The exhibition will run from Thursday 17 November and be accessible to the public both in-person, at the Weston Library’s Blackwell Hall, and digitally, via the Museum of Colour’s online platform. Featuring selected artefacts from The Bodleian’s colonial collections, These Things Matter will aim to demonstrate how everyday communications helped to maintain the dominance of the British empire and Transatlantic Slave Trade. It is hoped that the inclusion of these artefacts, offered through a 21st century lens, will enlighten visitors as to their use in the systematic oppression of people of colour over several centuries.
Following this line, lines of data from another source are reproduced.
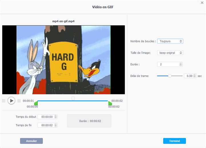 Astuce : Si vous souhaitez éditer la vidéo avant de la convertir en GIF, vous pouvez sélectionner un format vidéo tel que MP4 et cliquer sur le bouton Option pour couper, rogner et appliquer d'autres modifications à la vidéo. Cliquez sur Terminé pour enregistrer la vidéo modifiée, puis importez-la à nouveau pour utiliser la fonction GIF.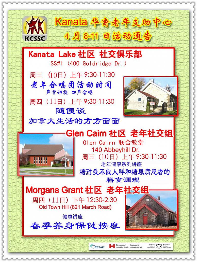 KCSSC 新手上路 注册 2011-07-13 消息 452 荣誉分数 9 声望点数 28 2013-04-08 #1 补遗: Kanata Lake地区 社交俱乐部 星期一(8日)上午9:30-11:30 是老年英语口语学习班 欢迎参加!!! 附件 20130408-11 活动通告.jpg 199.2 KB · 查看: 126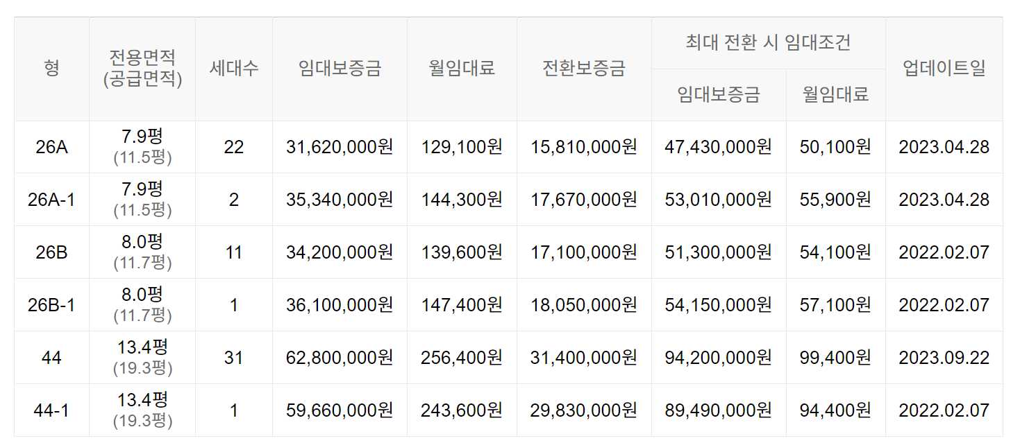 임대보증금 및 월 임대료는 입주자 모집공고일 기준이며, 보증금 최대 전환 시 변동될 수 있습니다.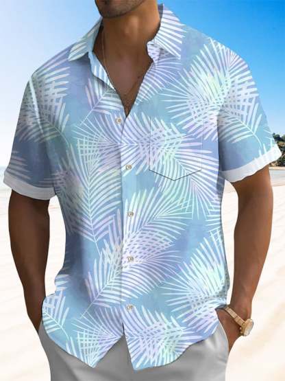 Men'S Hawaiian Tropical Leaves Floral Ombre Beach Print Shirt

The brainchild of Samenua Sesher, founder of the Museum of Colour, These Things Matter will feature the work of seven selected contemporary artists, one for each of the six artefacts on display, in addition to one piece reflecting the display in its entirety. Bunmi Ogunsiji, Grace Lee, Mina Atiq, Dirty Freud, Nilupa Yasmin, Mahmoud Mahdy and Johannah Latchem will each offer a personal response to their respective artefact through digital displays, art installations and sound. Collectively, the exhibition will take its visitors on a unique journey through the history of the slave trade by forcing them to consider the simple tools that ultimately enabled this systemic persecution.

Sesher credits her discovery of the so-called Slave Bible- a reworking of the Holy Bible that sought to deprive literate slaves from knowing of their right to freedom or dissuade them from thoughts of rebellion- as an initial source of inspiration. The Bible, which is currently held in the Bodleian’s collections, forms a central part of the exhibition. Of this discovery, Sesher has said: “Museum of Colour and the Bodleian were looking at how to build on our work together on Museum of Colour’s pilot exhibition, People of Letters. So, when I learnt about the ‘Slave Bible’, and that the Bodleian held a copy, I realised that we had the makings of a really compelling exhibition.”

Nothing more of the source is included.